Sunday, October 06, 2013

Bersagel Wins Women's US Championship

Women's number 1 Annie Bersagel.
Photo by Gene Niemi
Anne Golden "Annie" Bersagel, 30, has an impressive resume by any standards. She has her own Wikipedia entry HERE. On Sunday, she added another item by winning the Medtronic Twin Cities marathon women's race and the 2013 US Championship in 2:30:53, a nearly 14 minute PR.

Aside from being a former member of Team USA Minnesota, Annie and her family spent some time during her middle school years in Minnesota and noted that members of her "extended family" from the area were in attendance on Sunday to watch a performance that third place finisher Esther Erb(2:34:32) summarized as: "Annie that was badass." Running faster than any of the other leaders over the last half of the race, Bersagel's goal going into the run was to run under 2:35.  "I don't think I was running any faster than the others, I was just slowing down less," she said.

She had run a half marathon PR two weeks ago in Norway, where she now lives with her mountain runner/physiologist/husband Oyvind Heiberg Sundby, Bersagel knew she was ready to run well.  Her performance also bodes well for her next long-term goal, the 2016 US Olympic marathon trials.  In addition to her "day job" as a human rights lawyer, Bersagel gets her winter training in at times running on the underground track under famed IAAF Diamond League Meet site, the Bislett stadium in Oslo.

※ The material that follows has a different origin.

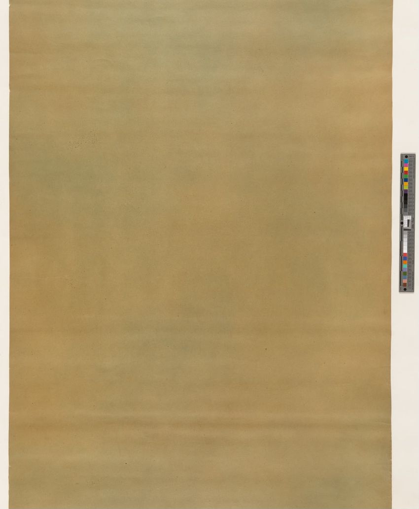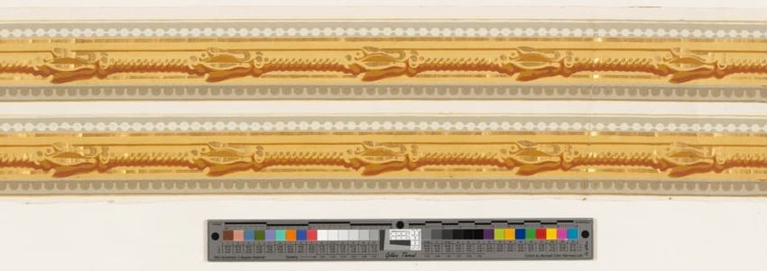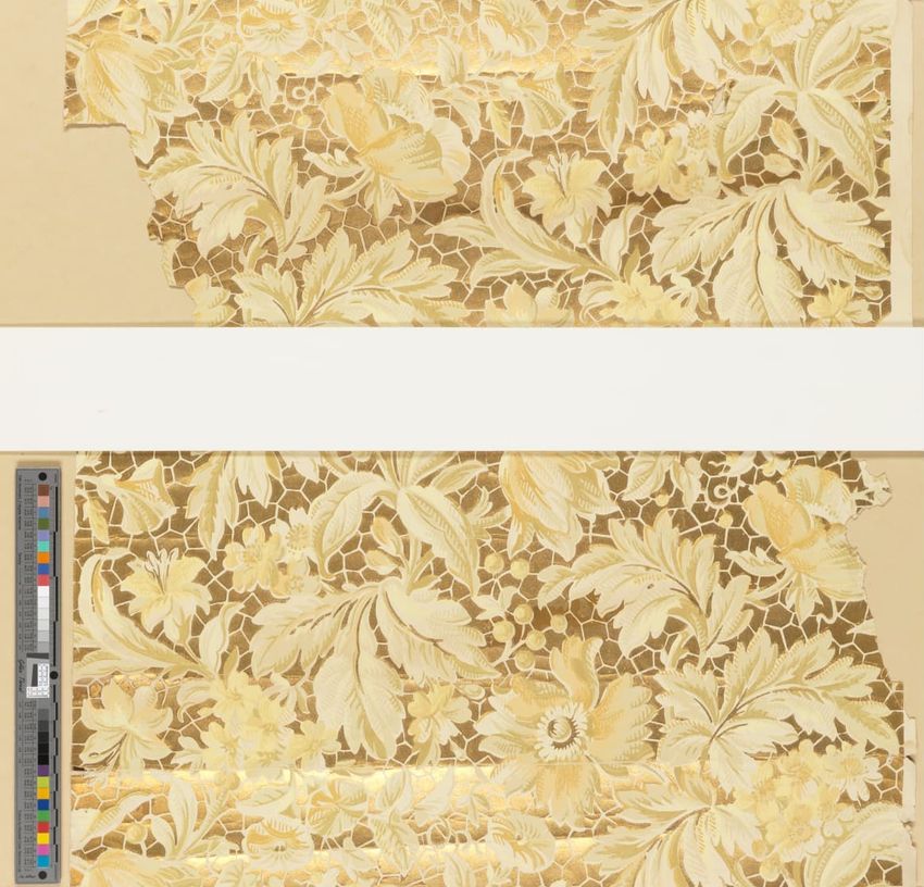 Unused wallpaper sample. Allover floral design of peonies, lilies, daffodils, and passion flowers. Printed in cream, tan, brown, and olive green against a metallic gold field on an ochre ground and over printed with sepia pin stripes. Straight match.

Winter is cold and dark in Norway, but "not as cold as Minnesota," Bersagel said, but the underground track is still a welcome respite for the short hours of daylight during the Norwegian winter.  She has another US/Norwegian connection in University of Oregon grad, Knut Kvalheim, now a coach who was a Norwegian Olympian and his country's event record holder in several events.

Race runner up Laura Portis, 26, with her baby face, green-toned outfit and green nail polish was perhaps the surprise of the day as she came into the event with a PR near Bersagel's and improved nearly as much, running 2:33:46.  A Big Ten two-mile champion who went to Michigan State and 2012 US Olympic Trials 95th place finisher, Portis now works in Toronto as a senior consultant at Urban Science and seemingly goes to races at the behest of her friends.  Asked how she chose Twin Cities, she said her friends had talked her into running a marathon in Chicago last year.  She enjoyed it, and this year they picked Twin Cities.

Going into the race, she said, she was hoping to run 2:35, and "I really wanted to finish in the top ten." During the race she didn't really know what place she was in, she said.  While those in the crowd shouted out a place number, such as fourth or fifth, she just motored on toward the finish.  Asked where she might run next, she said she would choose after she heard "what my friends want to do."

Erb probably made some friends during the race, as one race photographer said she was "the number one waver for the first six miles.  "I always have a smile on my face," she said, and a tatoo on her cheek.  "I grew up as a performer.I've always been one to acknowledge the crowd."  Waving and responding to a crowd comes natural to her.  So does even pacing, apparently as she split 1:17:12 for the first part of the race, then closed with a 1:17:20 over the considerably more difficult second half.

Minnesotans Michele Lilienthal and Meghan Peyton both finished in the top ten and PRed.  Lilienthal was fourth in 2:34:50, Peyton was ninth in 2:38:58.  Masters champion Sheri Piers was eighth in 2:38:35.